Mas, afinal, como reduzir as distâncias sociais entre os alunos das escolas públicas e privadas, já que há várias pedagogias e políticas em curso que, inclusive, consideram como carga horária o “EaD” oferecido por algumas escolas? Sobre isso, ainda está faltando a regulamentação pelos Conselhos Estaduais e Municipais de Educação do RS. Será que seria necessário cancelar o ENEM? Essa parece ser uma das soluções para reduzir as desigualdades que separam as diversas educações à distância que definem quem permanece estudando, acessa o direito à educação e acessa outros direitos. Aulas via TVE e Rádio Cultura poderiam mitigar o problema dos alunos das escolas públicas estaduais como propôs o projeto de lei da deputada Juliana Brizola na ALRS? Alguma coisa precisa ser feita, pois manter as coisas como estão poderá acentuar ainda mais as desigualdades digitais, sociais, culturais e econômicas dos estudantes brasileiros, prejudicando o desenvolvimento dos educandos e o acesso ao conhecimento.

É preciso compartilhar valores de coletividade e solidariedade

É preciso igualmente clamar por uma reorganização das 800 horas neste ano escolar de forma presencial para garantir o ensino para todos, o que, mesmo assim, não reduzirá as “vantagens” e os desgastes já adquiridos pelos alunos que tiveram aulas e atividades improvisadas ou não pela mediação tecnológica, em um contexto de intenso estresse e insegurança, com apoio de seus pais-professores, assegurando um processo de ensino-aprendizagem mais democrático e com menos sofrimento.

Todas nós mães trabalhadoras com filhos pequenos estamos fazendo reuniões online com o filho chorando ou necessitando de atenção, como também é o meu caso, já que neste caso nem a babá eletrônica resolve. Não é possível seguir assim como se não tivéssemos em um momento excepcional da humanidade e como se não tivéssemos que superar exatamente esse conflito que nos leva à sociedade do cansaço e do esgotamento em tempo “normais”.

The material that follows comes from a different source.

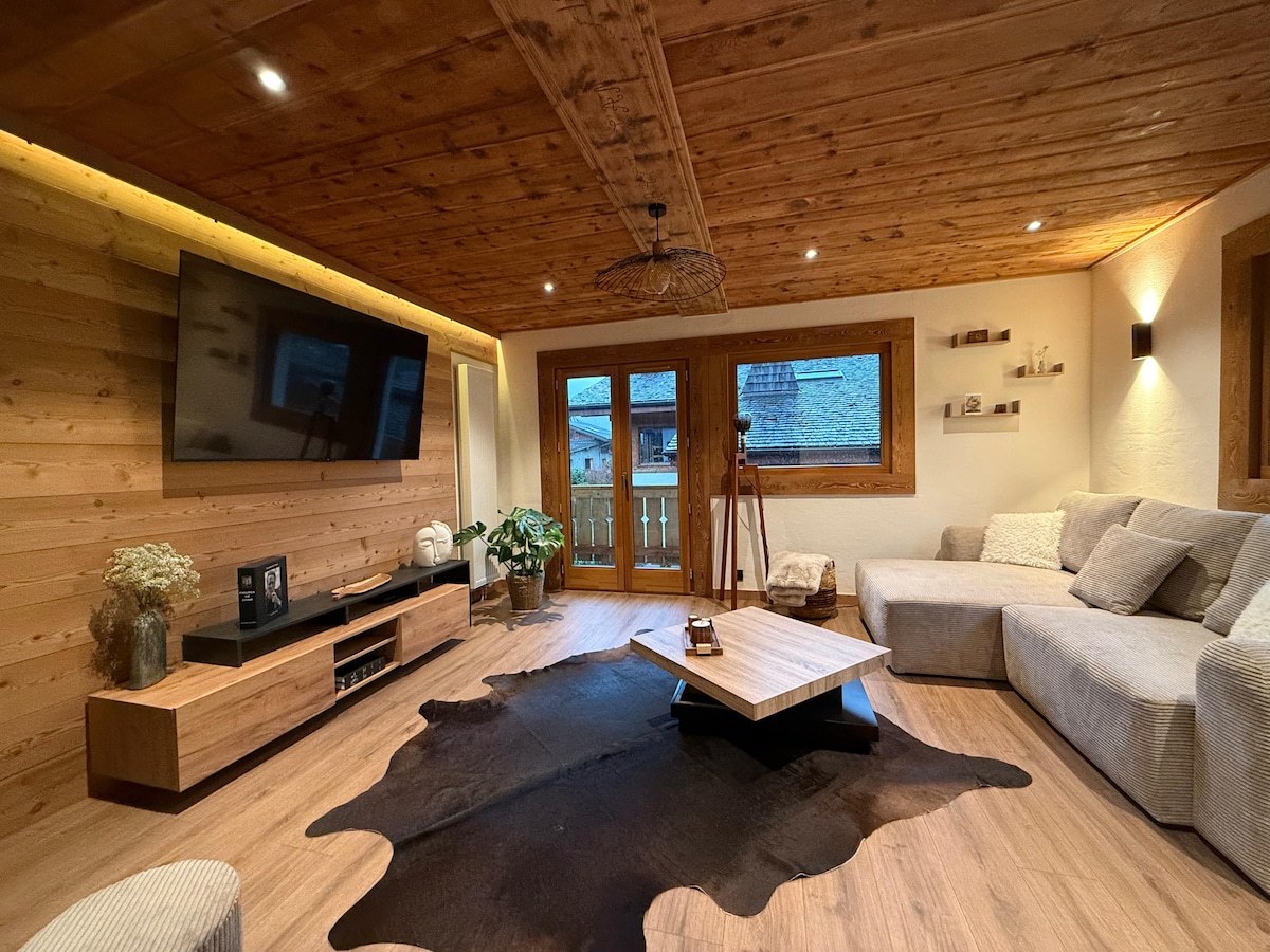 Add logs to a fireplace with a massive stone hearth and recline on a rustic wooden sofa. Gaze through picture windows at the alpine forest surrounding an authentic chalet. Return from the slopes and unwind in a luxury sauna in a cabin-chic bathroom. Une chambre de 25m2 avec lit double, rangements, armoire authentique. Un salon chaleureux et spacieux avec double baies vitrées donnant sur le Mt Blanc et cheminée. Et un sofa banquette convertible en 2 lits individuels. Cuisine pratique et toute équipée. Une salle de bain en granit avec douche et sauna 3 personnes. Une terrasse devant forêt et ruisseau ( avec fréquente visite des biches - voir photos ), avec fontaine et vue imprenable sur le massif du Mt Blanc. The chalet is an individual construction fully available and reserved for the guests. So are the terrace and the surroundings ( a small river, a private bridge and access to the forest ). A disposition pour toute question. Dans le hameau de Coupeau : Chalet authentique dans la forêt au-dessus des Houches avec vue exceptionnelle sur le massif du Mont Blanc. En Bord de petit torrent avec des biches A 5 min en voiture des Houches, à 10 min de Chamonix, à 1h de Genève. Easy access by road to the chalet. 2 kms from Les Houches and 10 kms from Chamonix. Parking just behind the chalet A fully renovated old chalet. With all modern comfort ( inc Sauna for 3 ) and top decoration. A unique view on the MontBlanc chain. The chalet is in the hamlet of Coupeau, in the forest above Les Houches, with exceptional views of Mont Blanc. It's a 5-minute drive to Les Houches, 10 minutes to Chamonix, and an hour to Geneva.

Por fim, acredito que são tempos da gente se fazer diferente e de compartilharmos nossos valores de coletividade, solidariedade, de cuidado de si e dos outros com os nossos filhos. Reflitamos com eles como deve ser a quarentena de crianças que têm pais que ou não podem cumprir a quarentena ou cumprem com a presença constante da fome e com a necessidade da solidariedade e pensem como será o futuro pós-pandemia. E que possamos valorizar cada vez mais os professores! Pedagogia, a ciência, a escola e os professores fazem muita falta e mudam as nossas vidas definitivamente, especialmente se forem para todos!